Copyright Schrodinger, LLC. All rights reserved.

class schrodinger.job.jobcontrol.DisplayStatus(value, names=None, *, module=None, qualname=None, type=None, start=1, boundary=None)

Bases: enum.Enum

WAITING = 'Waiting'
RUNNING = 'Running'
CANCELED = 'Canceled'
STOPPED = 'Stopped'
FAILED = 'Failed'
COMPLETED = 'Completed'
schrodinger.job.jobcontrol.timestamp(msg)
exception schrodinger.job.jobcontrol.JobcontrolException

Bases: Exception

exception schrodinger.job.jobcontrol.JobLaunchFailure

Bases: schrodinger.job.jobcontrol.JobcontrolException, RuntimeError

exception schrodinger.job.jobcontrol.MissingHostsFileException

Bases: schrodinger.job.jobcontrol.JobcontrolException

exception schrodinger.job.jobcontrol.UnreadableHostsFileException

Bases: schrodinger.job.jobcontrol.JobcontrolException

class schrodinger.job.jobcontrol.Job(job_id: str, cpp_job: mmjob.Job = None)

Bases: object

A Job instance is always a snapshot of the job state at a specific point in time. It is only updated when the readAgain method is explicitly invoked.

__init__(job_id: str, cpp_job: mmjob.Job = None)

Initialize a read-only Job object.

Parameters
  • job_id – Unique identifier for a job

  • cpp_job – provide a c++ job object in memory, used for constructing objects in wrapper objects from c++ APIs, rather than direct construction.

readAgain()

Reread the database. Calling this routine is necessary to get fresh values.
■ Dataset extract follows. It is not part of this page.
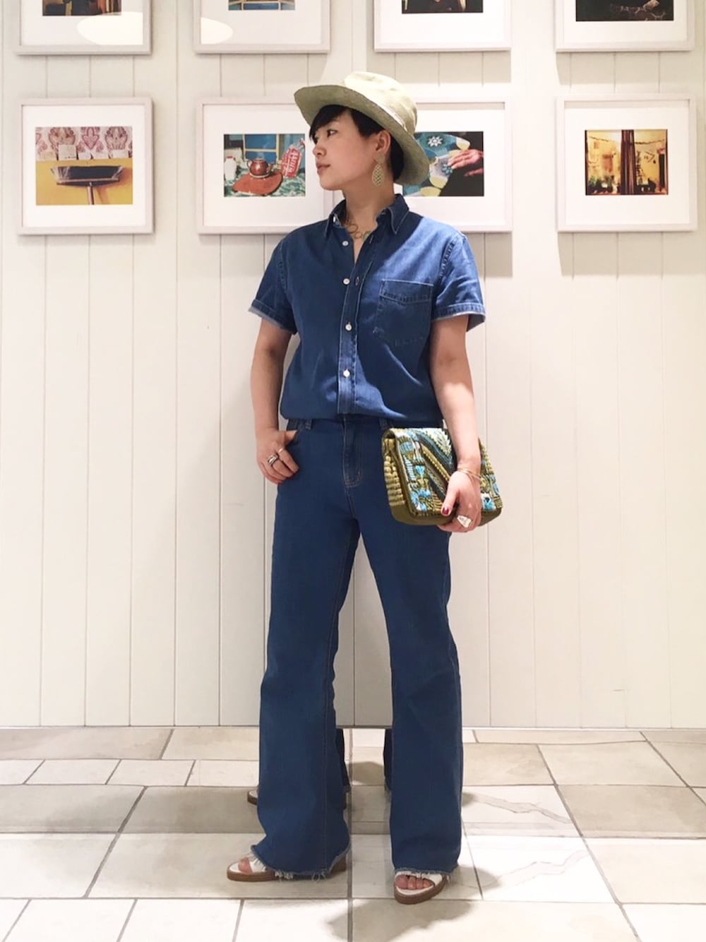 デニムオンデニム。 小物はグリーンでまとめました。 サンダルのフリンジがチラ見えするのがポイントです。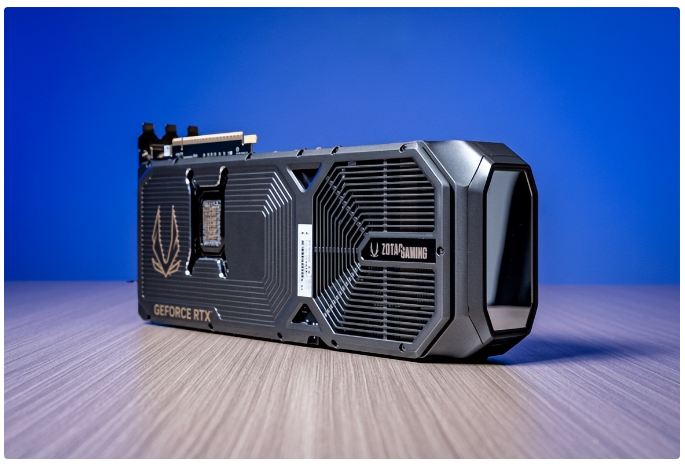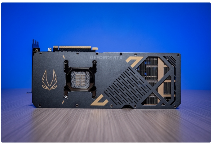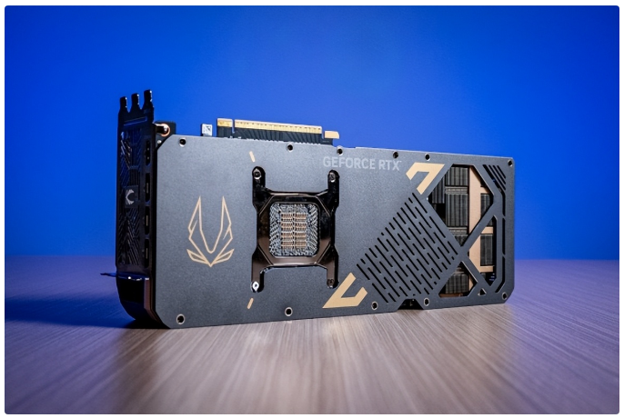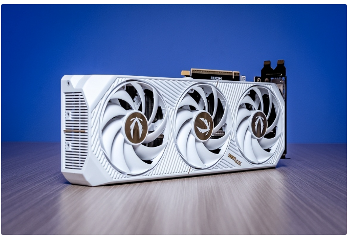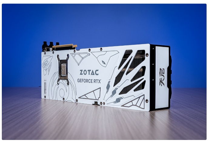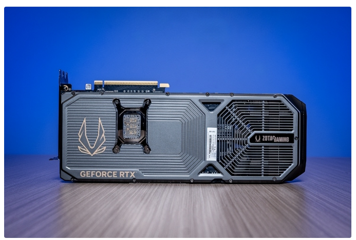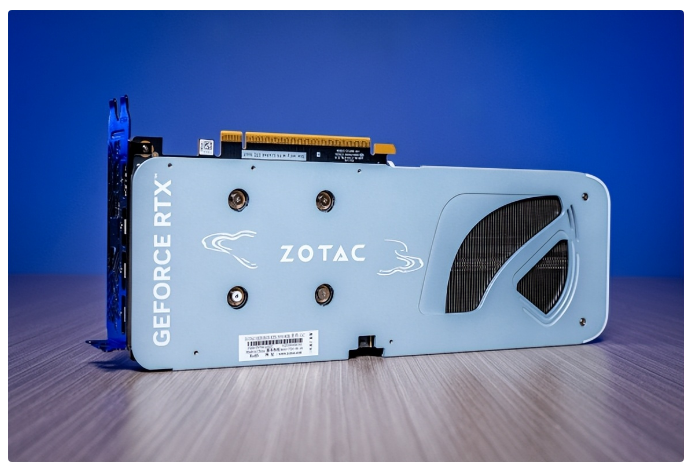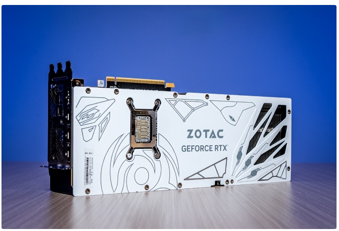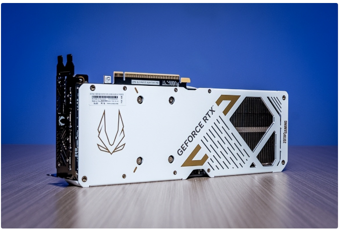与此同时,显卡的背板采用金属镂空的雕花设计,背板印有GEFORCE RTX以及ZOTAC的银色logo,为显卡增添一丝活泼俏皮,也能够起到辅助散热的作用。此外,纯白的机身非常适合搭配白色的海景房机箱,这对于注重机箱颜值的小伙伴来说或许是个福音,我们实测装机的装机效果也确实不错。

isComplete(wait_for_exited=False) bool

Returns True if the job is complete.

Note that this does not necessarily mean the output files have been downloaded.

Parameters

wait_for_exited – If set, wait for the job to be completed, as long as the job’s ExitStatus is set. (This only makes sense for legacy jobcontrol jobs.)

isQueued() bool

Returns True if the job runs on a HPC queueing system.

succeeded() bool

Returns False if the job was killed, died or fizzled. Returns True if ExitStatus is finished.

Raises

RuntimeError – if the job isn’t completed, so use isComplete() before calling.

wait_before_kill()
stop()

Kill the job while collecting output files.

kill()

Kill the job if it is running. This cancels a running job and does not return output files.

cancel()

Cancel a running job and do not return output files. This method will eventually deprecate job.kill

kill_for_smart_distribution() bool

Kill the job for smart distribution. This method cancels a job successfully when waiting or sitting in the queue.

Return True if canceled, False otherwise.

wait(max_interval: int = 60, throw_on_failure: bool = False)

Wait for the job to complete; sleeping up to ‘max_interval’ seconds between each database check. (Interval increase gradually from 2 sec up to the maximum.)

NOTE: Do not use if your program is running in Maestro, as this

will make Maestro unresponsive while the job is running.

Parameters

throw_on_failure (bool) – whether to raise an exception if not succeeded

Raises

RuntimeError – if the job did not succeed. The error message will contain the last 20 lines of the job’s logfile (if available).

download()

Download the output of the job into job’s launch directory. No-op in legacy jobcontrol.

get(attr, default=None)

This function will always raise an error, but is provided to guide users to a new syntax.

summary() str

Return a string summarizing all current Job attributes.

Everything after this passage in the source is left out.